As with marijuana, most synthetic cannabinoid users are male. Marijuana users were more likely to be less than 20 years old. The cause of this age difference is unclear. Despite synthetic cannabinoids being available through the Internet, in gas stations, and specialized stores such as head shops, long established marijuana sources may enable adolescents to still be able to more easily obtain marijuana. In addition, adults may be more likely to try a ‘new’ agent compared to adolescents.

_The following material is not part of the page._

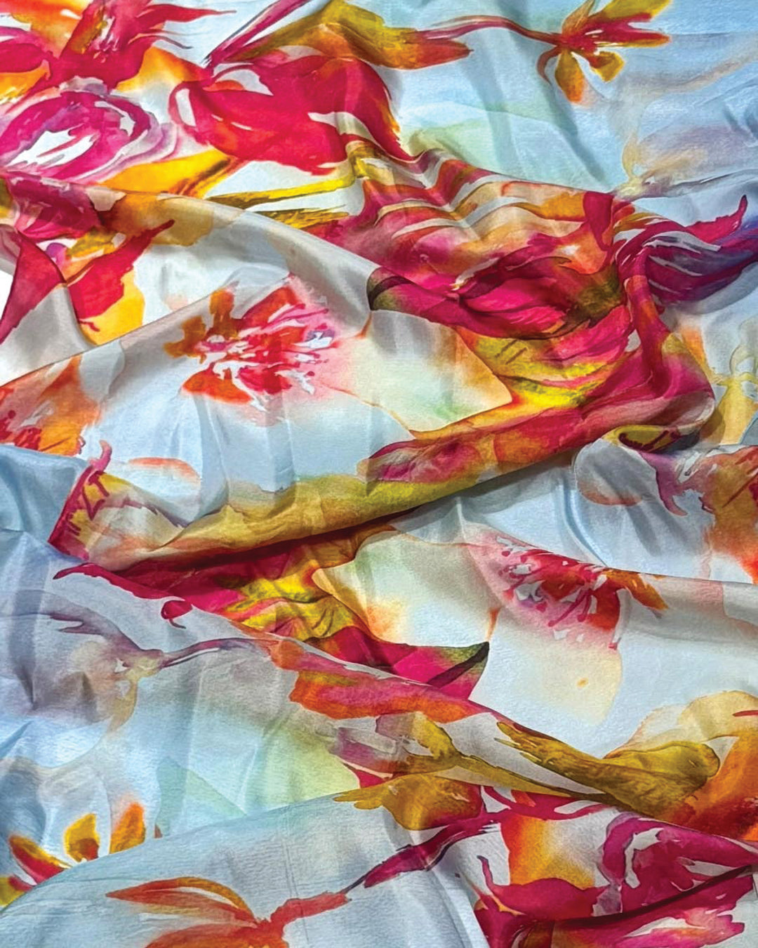 Each design begins as a painting or photograph, a moment of beauty reimagined in silk, cotton, or linen. The result is a collection that feels alive—strong yet soft, expressive yet effortlessly wearable.

While cardiovascular effects of marijuana can vary, they usually include an increase in heart rate and a decrease in vascular resistance. ^14,17,18 Blood pressure usually has a small increase. ¹⁴ Similar cardiovascular effects with synthetic cannabinoids have been seen in case reports and self-administration testing. ^4,5,19,20 In our comparison of these two agents, both tachycardia and hypertension occurred significantly more frequently with the synthetic cannabinoids than marijuana. Most users of both of these agents do so in order to attain the neuropsychiatric effects. Compared to marijuana, our data reflected that the synthetic cannabinoids caused significantly more agitation and hallucinations. Agitation has been commonly reported with the synthetic cannabinoids. ^4,5,19 Hallucinations/delusions were found in 11.2% of our synthetic cannabinoid users. None of the case reports with the synthetic cannabinoids noted the patients to have hallucinations; however, some noted alterations of perception. ^4,19,20

As with the signs and symptoms noted above, the medical outcome classification also reflected that synthetic cannabinoids caused more serious clinical effects than marijuana. This coding by the poison center specialists may have occurred because of the more serious signs and symptoms noted above. Another explanation for the differences in outcome coding may be the lack of familiarity with the synthetic cannabinoids; potentially resulting in poison center specialists listing more serious codes.

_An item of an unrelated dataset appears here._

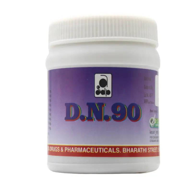 D N 90 Tablets are an Ayurvedic formulation crafted to support diabetes management. The blend of potent herbal ingredients works synergistically to regulate blood sugar levels, enhance pancreatic function, and improve glucose metabolism. Designed to support overall metabolic health, it provides a natural and effective approach to diabetes care.

Our data reflect that despite both the THC in marijuana and the synthetic cannabinoids affecting the same cannabinoid receptors, patients exposed to these products present differently. The reasons for the differences are not clear. Compared to THC, the synthetic cannabinoids’ affinity is 4 times more at the CB₁ receptor and 10 times more at the CB₂ receptor. ^21,22 This difference in affinity may contribute to the synthetic cannabinoids’ increased frequency of adverse clinical effects. Clinical effects could also be modified by other agents in the marijuana or in the herbals to which the synthetic cannabinoids are added. For example, cannabidiol, a nonpsychoactive cannabinoid present in many marijuana products, modulates the effects of THC. ²³ Interpretation of the clinical effects for each of these agents is further limited by variations in the products themselves. Marijuana potency and effects are modified by many factors. ²³ In addition, there are numerous synthetic cannabinoids, many of which are structurally unrelated to THC, potentially resulting in different clinical effects. ²⁴ Different synthetic cannabinoids have been found in herbal products with the same packaging, further limiting the ability to establish the relationship between specific synthetic cannabinoids and clinical effects.

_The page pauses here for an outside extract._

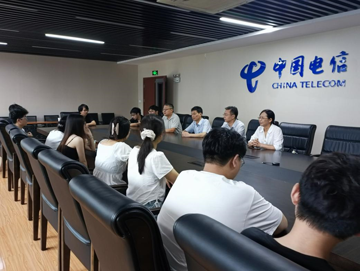 8月1日,数理学院党委书记陆健、副院长易明芳、实习指导教师戴林送前往中国电信安庆分公司筑梦园区、安庆市宜秀区统计局和宜秀区委政法委,看望并慰问正在实习的学生,深入了解2026届非师范生在毕业实习期间的思想动态、生活状况与工作表现,传递学院关心关爱。中国电信安庆分公司副总经理张胜利、安庆市宜秀区统计局局长朱青和宜秀区委政法委书记吴传斗及各实习单位的实习指导老师热情接待并组织召开了实习生座谈会。

This study is subject to various limitations. The reporting of synthetic cannabinoids and marijuana to TPCN is voluntary. Thus, the TPCN database might not be representative of all of the exposures occurring in the state. Moreover, user calls to poison centers may also be limited by marijuana’s illegality and the negative press related to both agents. Users may call only when they are particularly concerned, such as when they are experiencing serious adverse effects.

Another limitation is that exposures were based on verbal reports by the patients, their friends or family, or the health care providers treating them. The exposures were not verified by toxicology tests.

In conclusion, compared to marijuana, synthetic cannabinoids were more likely to be used through inhalation, to involve adults, to be used at a residence as opposed to school, and result in serious outcomes with higher rates of tachycardia, hypertension, agitation, and hallucinations.